Staying Warm in the Arctic
Goal Combine two layers of insulation.
Problem An arctic explorer builds a wooden shelter out of wooden planks that are 1.0 \mathrm{~cm} thick. To improve the insulation, he covers the shelter with a layer of ice 3.2 \mathrm{~cm} thick. (a) Compute the R factors for the wooden planks and the ice. (b) If the temperature outside the shelter is -20.0^{\circ} \mathrm{C} and the temperature inside is 5.00^{\circ} \mathrm{C}, find the rate of energy loss through one of the walls, if the wall has dimensions 2.00 \mathrm{~m} by 2.00 \mathrm{~m}. (c) Find the temperature at the interface between the wood and the ice.
Strategy After finding the R values, substitute into Equation 11.9
{\frac{Q}{\Delta t}}={\frac{A(T_{h}-T_{c})}{\sum\limits_{i}R_{i}}} (11.9)
to get the rate of energy transfer. To answer part (c), use Equation 11.7
\mathscr{P}=k A\,{\frac{(T_{h}-T_{c})}{L}} (11.7)
for one of the layers, setting it equal to the rate found in part (b), solving for the temperature.
(a) Compute the R values using the data in Table 11.3.
Find the R value for the wooden wall:
R_{\text {wood }}=\frac{L_{\text {wood }}}{k_{\text {wood }}}=\frac{0.01 \mathrm{~m}}{0.10 \mathrm{~J} / \mathrm{s} \cdot \mathrm{m} \cdot{ }^{\circ} \mathrm{C}}=0.10 \mathrm{~m}^{2} \cdot \mathrm{s} \cdot{ }^{\circ} \mathrm{C} / \mathrm{J}
Find the R-value for the ice layer:
R_{\text {ice }}=\frac{L_{\text {ice }}}{k_{\text {ice }}}=\frac{0.032 \mathrm{~m}}{1.6 \mathrm{~J} / \mathrm{s} \cdot \mathrm{m} \cdot{ }^{\circ} \mathrm{C}}=0.020 \mathrm{~m}^{2} \cdot \mathrm{s} \cdot{ }^{\circ} \mathrm{C} / \mathrm{J}
(b) Find the rate of heat loss.
Apply Equation 11.9:
\begin{aligned} \mathscr{P} & =\frac{Q}{\Delta t}=\frac{A\left(T_{h}-T_{c}\right)}{\sum_{i} R_{i}} \\ & =\frac{\left(4.00 \mathrm{~m}^{2}\right)\left(5.00^{\circ} \mathrm{C}-\left(-20.0^{\circ} \mathrm{C}\right)\right)}{0.12 \mathrm{~m}^{2} \cdot \mathrm{s} \cdot{ }^{\circ} \mathrm{C} / \mathrm{J}} \\ \mathscr{P} & =830 \mathrm{~W} \end{aligned}
(c) Find the temperature in between the ice and wood.

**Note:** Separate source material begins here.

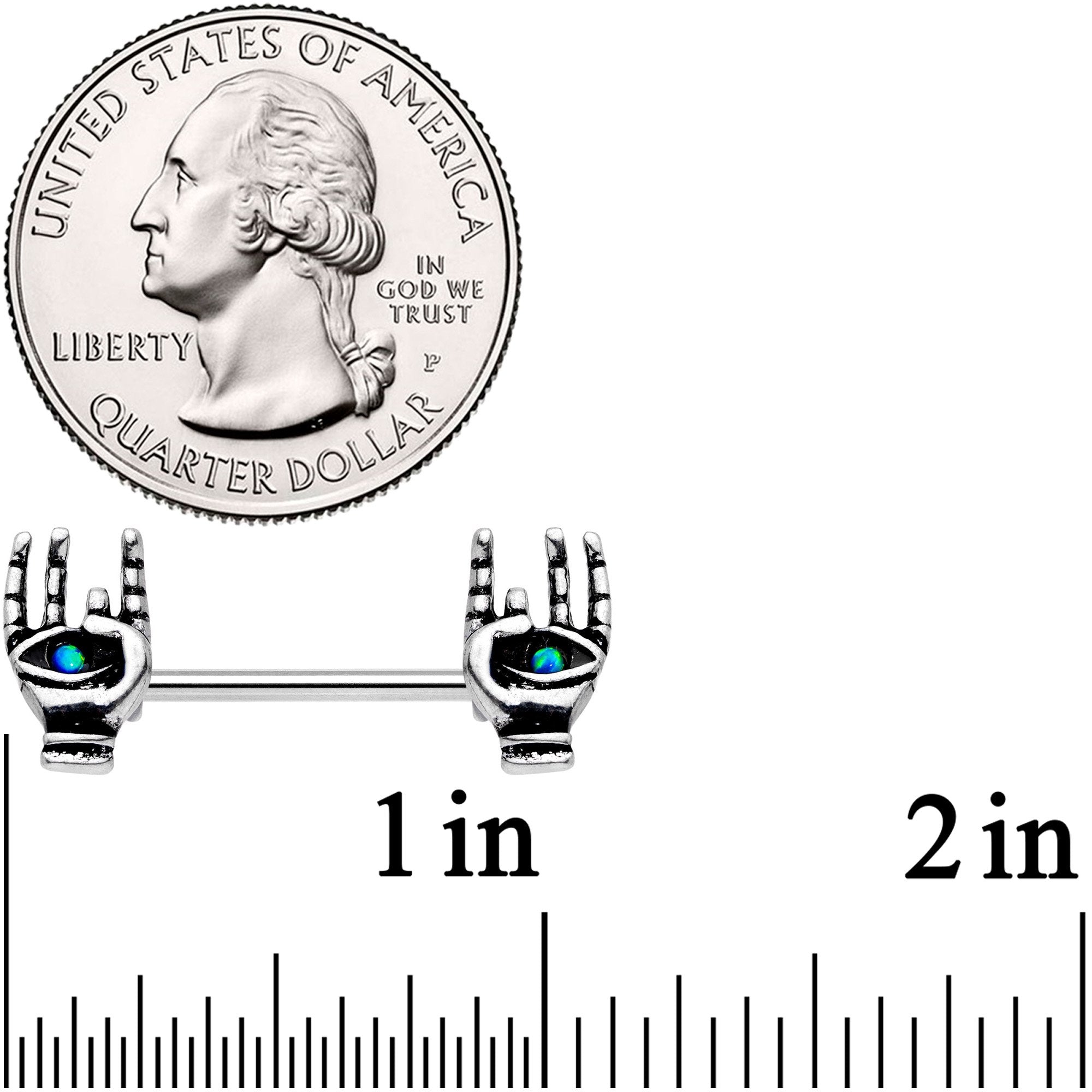 14 Gauge 9/16" Synthetic Opal Hamsa Barbell Nipple Ring Set

Apply the equation of heat conduction to the wood:
\begin{aligned} & \frac{k_{\text {wood }} A\left(T_{h}-T_{c}\right)}{L}=\mathscr{P} \\ & \frac{\left(0.10 \mathrm{~J} / \mathrm{s} \cdot \mathrm{m} \cdot{ }^{\circ} \mathrm{C}\right)\left(4.00 \mathrm{~m}^{2}\right)\left(5.00^{\circ} \mathrm{C}-T\right)}{0.010 \mathrm{~m}}=830 \mathrm{~W} \end{aligned}
Solve for the unknown temperature:
T=-16^{\circ} \mathrm{C}
Remarks The outer side of the wooden wall and the inner surface of the ice must have the same temperature, and the rate of energy transfer through the ice must be the same as through the wooden wall. Using Equation 11.7 for ice instead of wood gives the same answer. This rate of energy transfer is only a modest improvement over the thousandwatt rate in Exercise 11.9. The choice of insulating material is important!
TABLE 11.3
Thermal Conductivities
| Substance | Thermal Conductivity ( J/s · m · °C) Metals (at 25°C) |
| Metals (at 25°C) | |
| Aluminum | 238 |
| Copper | 397 |
| Gold | 314 |
| Iron | 79.5 |
| Lead | 34.7 |
| Silver | 427 |
| Gases (at 20°C) | |
| Air | 0.023 4 |
| Helium | 0.138 |
| Hydrogen | 0.172 |
| Nitrogen | 0.023 4 |
| Oxygen | 0.023 8 |
| Nonmetals | |
| Asbestos | 0.25 |
| Concrete | 1.3 |
| Glass | 0.84 |
| Ice | 1.6 |
| Rubber | 0.2 |
| Water | 0.60 |
| Wood | 0.10 |